Our house is within the embrace of the Workers’ Party
We are all brothers and sisters
Even if a sea of fire comes towards us, sweet children do not need to be afraid,
Our Father is here
We have nothing to envy in this world…”
Nothing to envy is the title of the book, you might have noticed, friends.

To go through a most traumatic time just to survive and still be grateful to those responsible for it all, that should have been a truly horrific experience.

It is possible that Demick exaggerates a bit, vilifies a little and can’t see beyond a western perspective, wherein being political freedom could override everything else. But most accounts agree on most essentials.

"North Korea is not irrational, and nothing shows this better than its continuing survival against all odds. A living political fossil, it clings to existence in the face of limited resources and a zombie economy, manipulating great powers despite its weakness. Its leaders are not ideological zealots or madmen, but perhaps the best practitioners of Machiavellian politics that can be found in the modern world. Even though they preside over a failed state, they have successfully used diplomacy-including nuclear threats-to extract support from other nations."
(Andrei Lankov: The Real North Korea: Life and Politics in the Failed Stalinist Utopia, published in December last.)

According to the Ploughshares Fund World Nuclear Stockpile Report, North Korea possesses less than 10 nuclear weapons of the 16,300 worldwide that are predominantly held by Russia and the United States. That might sound a bit reassuring, but remember the country invests approximately $8.7 billion -- significantly higher than the $570 million Pyongyang claims -- or one-third of its GDP in the military, perhaps the highest in the entire world.

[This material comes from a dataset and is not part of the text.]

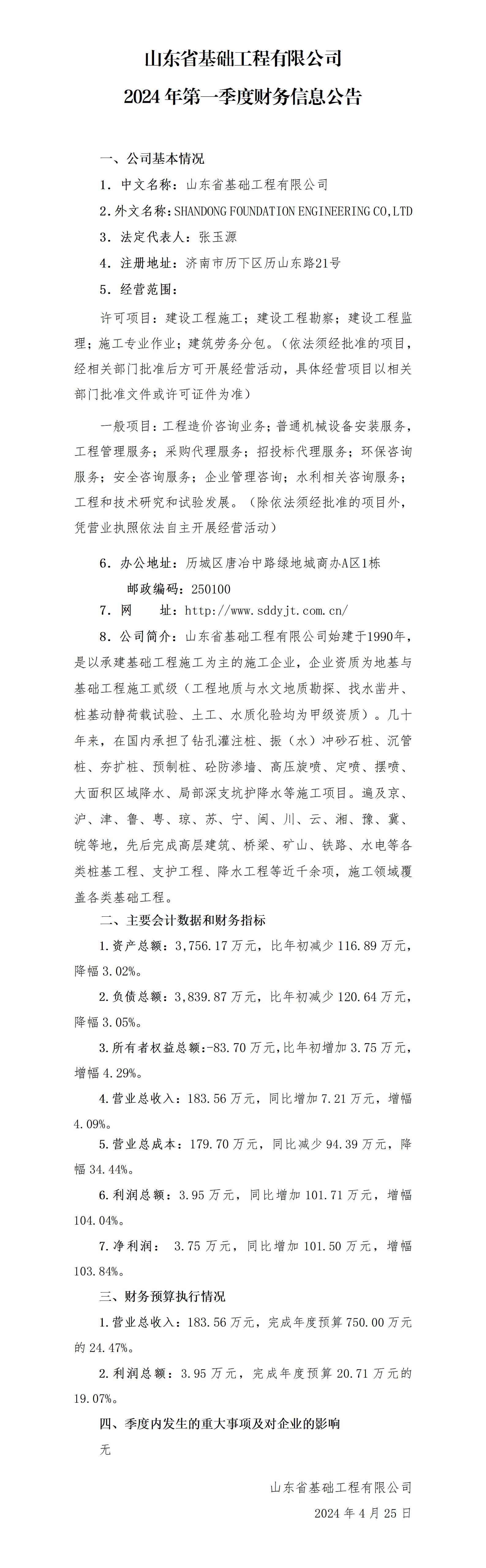山東省基礎(chǔ)工程有限公司2024年第一季度財務(wù)信息公告

This year marks the 70th anniversary of the division of Korea by the United States and the former Soviet Union. Still both the Koreas are in a permanent state of war, the North a lot more so, the South living under the protective umbrella of Uncle Sam anyway. The latter’s progress to democracy has not been all that smooth, still life is a lot more relaxed over there, in any case they are a lot more prosperous, notwithstanding the inequalities typical of a capitalist economy.

The latest documentary on North Korea, http://www.dw.de/between-personality-cult-and-bumper-car-in-kim-jong-uns-north-korea/a-18269088, should give you some idea of life there now.
By this blog I just wanted to stress that such a virtually barbaric system has not received any strong condemnation from Marxists elsewhere, and that speaks volumes of their concerns.